Desde que Fang Yi entrou, Zhao Hongtao notou o colar em seu pulso – tão bem polido e reluzente que qualquer entusiasta de artigos de arte o perceberia de imediato.
“Sim, este aqui…”
Fang Yi assentiu, retirou o colar do pulso e explicou: “É um colar que venho usando e polindo desde pequeno, já tem mais de dez anos. Meu mestre disse que é um artefato ritual. Senhor Zhao, veja-o com atenção…”
“Mais um artefato ritual?”
Zhao Hongtao ficou surpreso, pegou o colar apressado e disse: “Se seu mestre já viu esse objeto, não ouso dizer que posso analisá-lo. Mas Fang Yi, onde você conseguiu tantos artefatos rituais?”
A percepção de Zhao Hongtao era parecida com a de Sun Lianda: artefatos rituais, seja budistas ou taoistas, geralmente ficam em templos ou museus, raramente aparecem entre o povo. Mas Fang Yi, em apenas dois dias, trouxe dois artefatos, o que não deixava de surpreendê-lo.

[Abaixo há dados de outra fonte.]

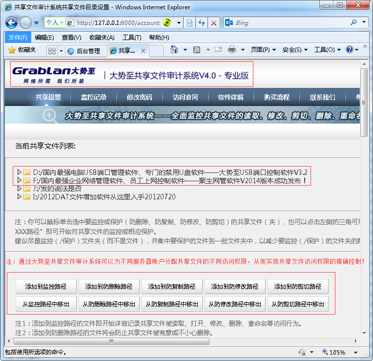 公司简介:大势至公司是国内较早的企业网管软件提供商,可以为企事业单位提供整体的企业网络管理方案和企业网络管理平台,通过全系列的公司监控员工电脑软件教你如何控制员工上网、如何控制局域网内电脑上网以及如何保护电脑文件安全等。公司核心产品“聚生网管系统”是一款专门的公司网管必备软件、查看网络流量软件、网络流量监控软件和办公室电脑监控软件;“网络特警”则是一款专门的网络流量监控设备、上网行为管理服务器、网络行为管理设备,可以实现更为强大的局域网网络行为管理;大势至USB接口禁用软件则是一款专门的数据防泄密产品、屏蔽U盘软件、电脑USB端口禁用软件,可以严防通过一切途径泄露电脑文件,保护单位无形资产和商业机密安全;大势至共享文件夹管理软件则是一款专门的共享文件权限设置软件和共享文件设置密码软件,全面保护共享文件安全;大势至共享文件审计系统则是一款专门的服务器共享文件夹设置软件、服务器共享文件访问日志记录软件,可以详细记录局域网用户访问共享文件的行为,更好地管理共享文件的安全;大势至局域网网络准入控制系统则是一款专门防止未经授权的电脑接入公司局域网的行为,防止外来电脑访问局域网共享文件、防止蹭网以及绑定IP和MAC地址,保护网络安全;大势至FTP服务器日志记录软件则是一款专门记录局域网用户访问FTP服务器日志的软件,可以有效保护FTP服务器文件安全。
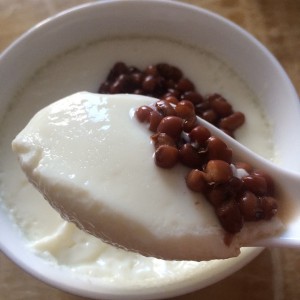 将搅拌好的牛奶过筛后顺着碗边倒入(倒回之前的奶皮碗里);

“Senhor Zhao, cresci em um templo taoista, não lembra?” Fang Yi já tinha uma desculpa pronta e sorriu: “Faço meditação e recito textos taoistas diariamente. Depois de tantos anos de bênçãos, até um pedaço de madeira pode se tornar um artefato…”
Quando se trata de artefatos rituais, Fang Yi entendia mais que Zhao Hongtao. Para ele, objetos apenas consagrados em templos, apesar dos anos de recitação, não eram verdadeiros artefatos. Só aqueles imbuídos de energia vital e textos sagrados por praticantes, capazes de afastar o mal e trazer sorte, mereciam esse título. O resto, aqueles supostos objetos ‘consagrados’ vendidos em massa, não passavam de peças cerimoniais, instrumentos de arrecadação de templos.
De fato, Fang Yi nunca viu um único objeto de mercado com verdadeiro poder espiritual. Em anos de prática taoista, nunca imaginou que “consagração” pudesse ser feita em série. Se os antigos mestres soubessem disso, talvez saltassem do túmulo de raiva.
“Você tem razão, Fang Yi. Seu mestre era um verdadeiro conhecedor, diferente dessas fraudes por aí…”
Zhao Hongtao concordou. Hoje em dia, muitos monges e taoistas só usam os títulos para enganar. Não é preciso ir longe: nos arredores do Templo Chaotian, a maioria dos supostos taoistas são impostores.
Para Zhao Hongtao, só pessoas como Fang Yi e seu mestre, capazes de se isolar nas montanhas e resistir à solidão, eram verdadeiros sábios. Os templos e mosteiros urbanos já estavam corrompidos.
“Senhor Zhao, há nove classes na sociedade. Esses aí só buscam sobreviver…”
Fang Yi não tinha preconceito contra esses tipos. Seu próprio mestre, no passado, também percorrera os caminhos do mundo. Além disso, a tradição deles era uma via paralela, sem vínculos com escolas ortodoxas como o Taoismo Oficial.
“Você é muito compreensivo…”
Zhao Hongtao sorriu e balançou a cabeça. “Mas vamos falar do seu colar de grandes contas. Já vi colares de melhor material, cor e acabamento, mas nenhum tão antigo, com uma pátina tão profunda quanto o seu…”
Zhao Hongtao não poupou elogios ao colar de Fang Yi. Tirando os resíduos antigos nas fendas das serras, o único defeito era o material, um pouco inferior.